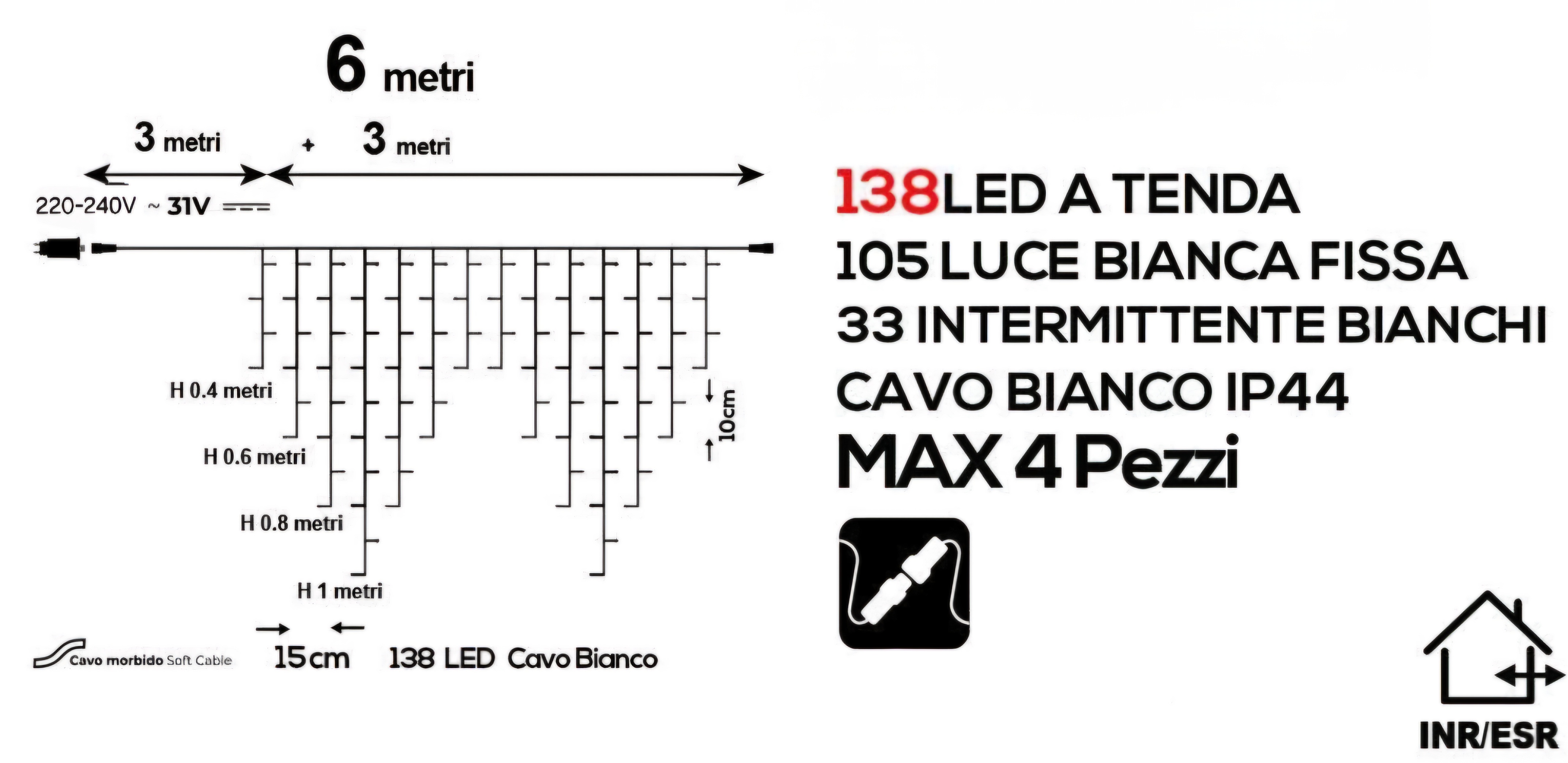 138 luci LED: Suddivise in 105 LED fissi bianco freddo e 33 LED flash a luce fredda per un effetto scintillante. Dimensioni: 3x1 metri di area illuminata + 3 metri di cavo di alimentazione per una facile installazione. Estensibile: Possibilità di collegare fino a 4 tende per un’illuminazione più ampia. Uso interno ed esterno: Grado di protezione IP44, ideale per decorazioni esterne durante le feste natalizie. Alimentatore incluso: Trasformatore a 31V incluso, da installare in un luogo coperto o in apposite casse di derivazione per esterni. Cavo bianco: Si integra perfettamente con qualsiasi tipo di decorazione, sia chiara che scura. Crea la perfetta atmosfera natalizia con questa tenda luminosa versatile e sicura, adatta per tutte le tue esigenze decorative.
* * *
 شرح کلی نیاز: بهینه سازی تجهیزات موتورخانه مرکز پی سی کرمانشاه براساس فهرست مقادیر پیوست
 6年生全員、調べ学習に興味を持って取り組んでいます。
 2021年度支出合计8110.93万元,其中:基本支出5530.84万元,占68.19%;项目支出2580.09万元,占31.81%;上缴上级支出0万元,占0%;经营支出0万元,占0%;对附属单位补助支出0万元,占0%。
* * *
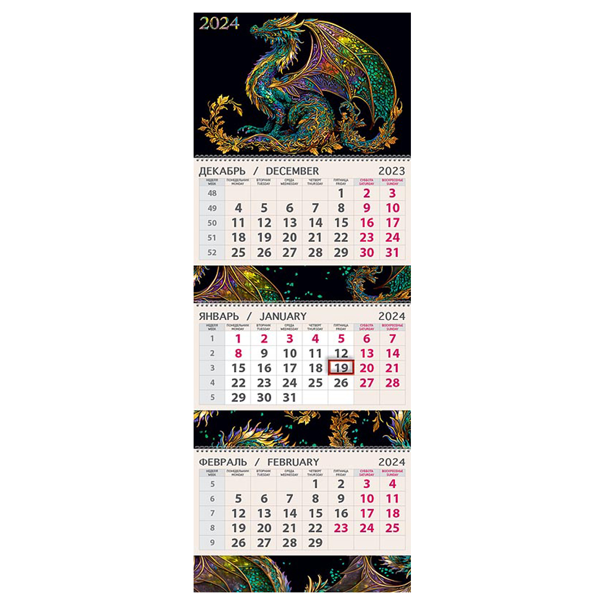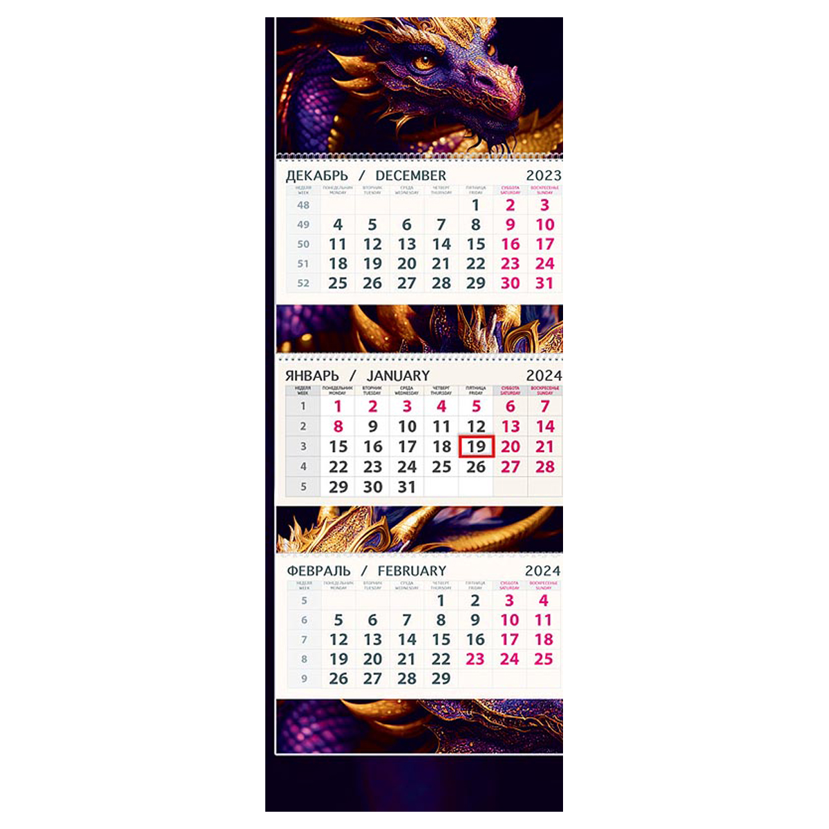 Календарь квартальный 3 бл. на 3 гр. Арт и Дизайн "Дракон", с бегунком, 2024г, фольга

» **TASK TO CARRY OUT**: Retype exactly the lines above, from the one with "6年生全員、調べ学習に興味を持って取り組んでいます。" through the one with "2021年度支出合计8110", inclusive.

» **EXERCISE SOLUTION**:
 6年生全員、調べ学習に興味を持って取り組んでいます。
 2021年度支出合计8110.93万元,其中:基本支出5530.84万元,占68.19%;项目支出2580.09万元,占31.81%;上缴上级支出0万元,占0%;经营支出0万元,占0%;对附属单位补助支出0万元,占0%。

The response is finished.